Exercise objective -
From the line that contains "Praktisch magnetisch zonnescherm" down to the last line of the listing below, reproduce each line exactly but not the pictures.
************
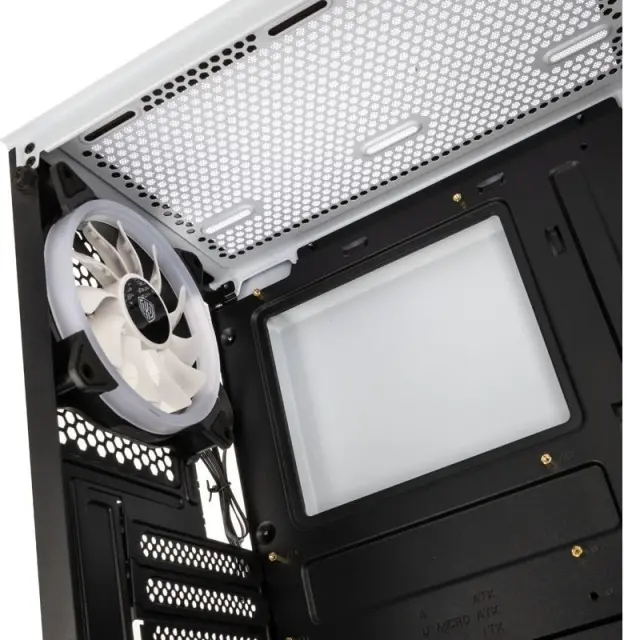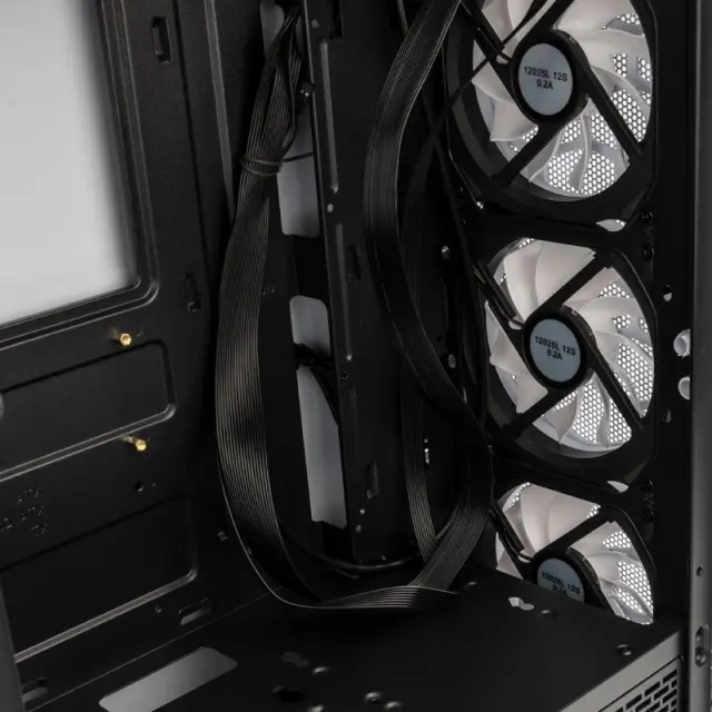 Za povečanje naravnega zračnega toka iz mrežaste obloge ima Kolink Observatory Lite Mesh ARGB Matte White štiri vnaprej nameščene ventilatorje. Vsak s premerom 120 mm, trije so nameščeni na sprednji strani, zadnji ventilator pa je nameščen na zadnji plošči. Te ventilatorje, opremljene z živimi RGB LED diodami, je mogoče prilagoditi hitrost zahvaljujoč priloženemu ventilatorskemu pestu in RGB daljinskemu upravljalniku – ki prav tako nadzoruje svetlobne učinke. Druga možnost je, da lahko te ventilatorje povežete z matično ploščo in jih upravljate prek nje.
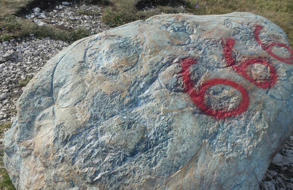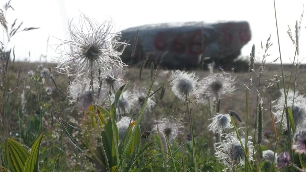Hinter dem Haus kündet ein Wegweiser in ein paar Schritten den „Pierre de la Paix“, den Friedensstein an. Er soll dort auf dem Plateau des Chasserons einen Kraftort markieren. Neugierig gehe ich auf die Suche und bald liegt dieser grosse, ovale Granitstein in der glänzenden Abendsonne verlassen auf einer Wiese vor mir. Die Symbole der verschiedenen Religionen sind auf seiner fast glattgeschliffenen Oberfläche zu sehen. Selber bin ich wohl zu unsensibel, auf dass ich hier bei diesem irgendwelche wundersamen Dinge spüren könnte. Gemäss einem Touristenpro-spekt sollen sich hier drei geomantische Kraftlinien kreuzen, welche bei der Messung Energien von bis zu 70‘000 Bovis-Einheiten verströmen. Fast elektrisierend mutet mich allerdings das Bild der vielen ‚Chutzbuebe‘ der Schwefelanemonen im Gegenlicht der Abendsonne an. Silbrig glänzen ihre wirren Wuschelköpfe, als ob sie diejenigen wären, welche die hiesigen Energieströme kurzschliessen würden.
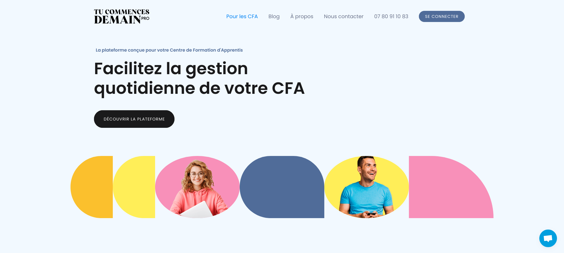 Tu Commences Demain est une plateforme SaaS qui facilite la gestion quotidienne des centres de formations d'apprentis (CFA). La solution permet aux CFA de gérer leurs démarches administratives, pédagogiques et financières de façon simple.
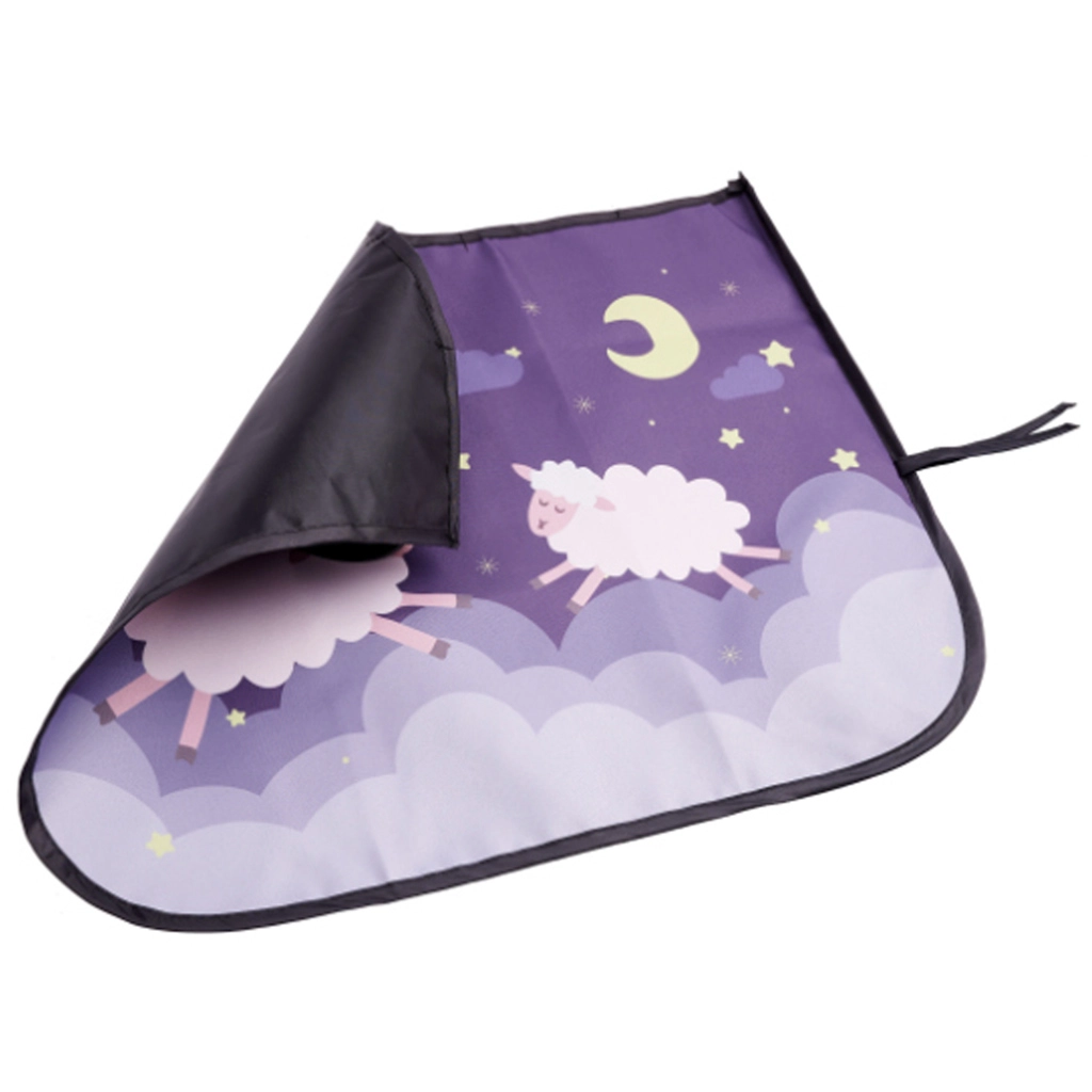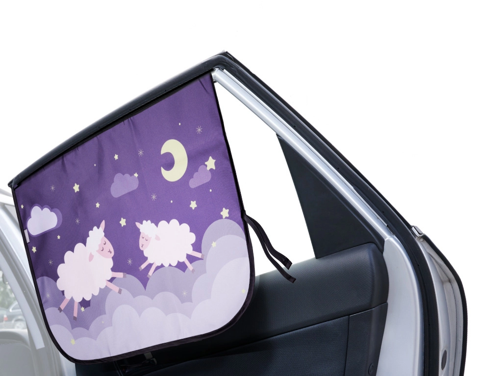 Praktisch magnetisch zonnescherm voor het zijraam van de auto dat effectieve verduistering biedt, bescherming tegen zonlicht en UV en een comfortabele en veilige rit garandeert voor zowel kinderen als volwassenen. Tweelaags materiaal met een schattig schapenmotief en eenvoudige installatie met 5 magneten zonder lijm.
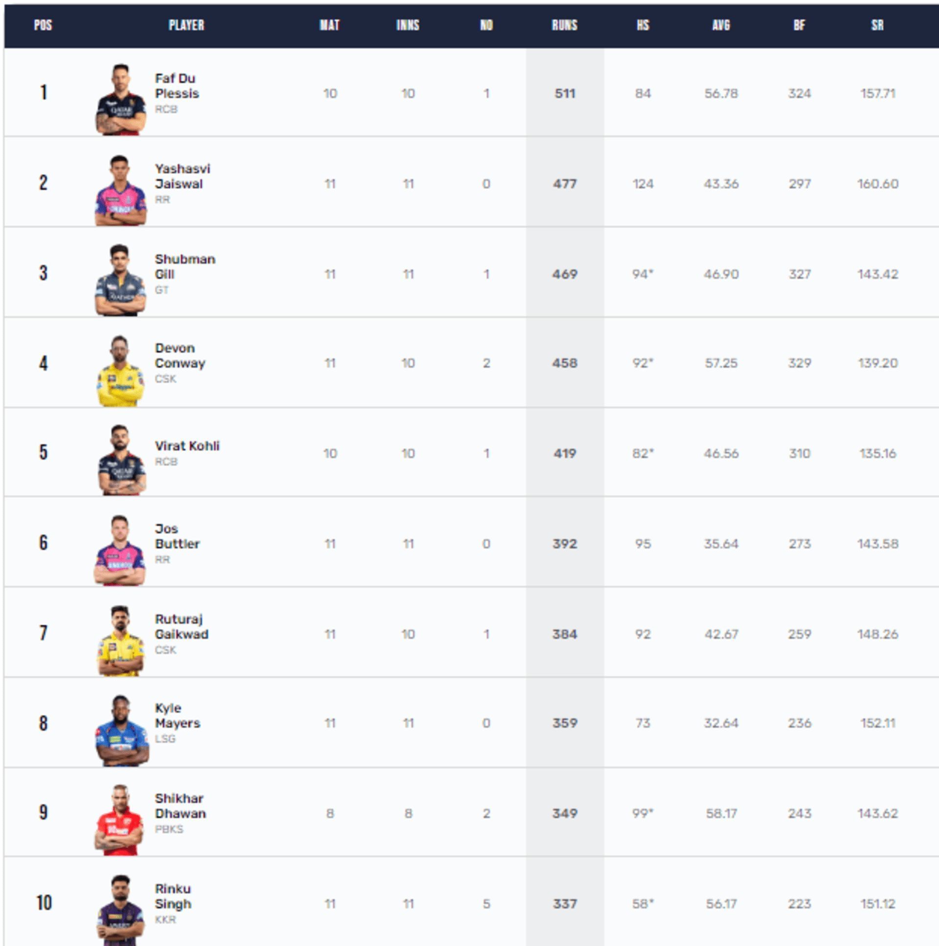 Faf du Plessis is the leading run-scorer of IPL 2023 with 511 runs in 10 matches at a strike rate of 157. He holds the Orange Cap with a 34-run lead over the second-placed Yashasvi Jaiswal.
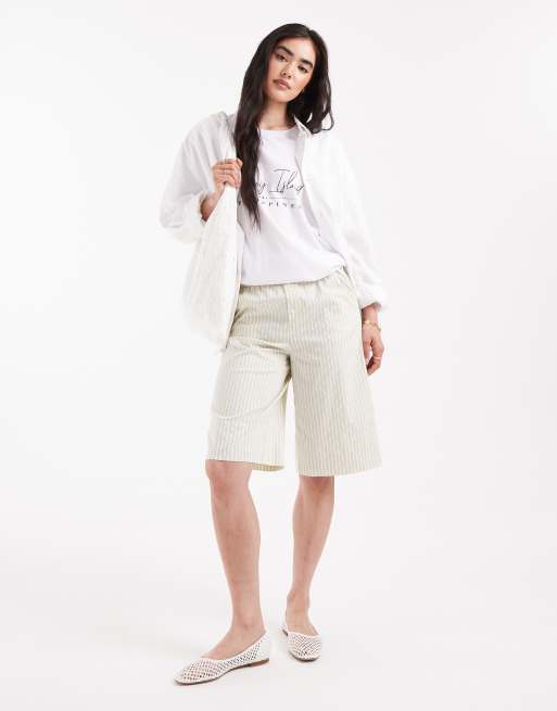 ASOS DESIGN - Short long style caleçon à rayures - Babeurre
************
Task solution -
 Praktisch magnetisch zonnescherm voor het zijraam van de auto dat effectieve verduistering biedt, bescherming tegen zonlicht en UV en een comfortabele en veilige rit garandeert voor zowel kinderen als volwassenen. Tweelaags materiaal met een schattig schapenmotief en eenvoudige installatie met 5 magneten zonder lijm.
 Faf du Plessis is the leading run-scorer of IPL 2023 with 511 runs in 10 matches at a strike rate of 157. He holds the Orange Cap with a 34-run lead over the second-placed Yashasvi Jaiswal.
 ASOS DESIGN - Short long style caleçon à rayures - Babeurre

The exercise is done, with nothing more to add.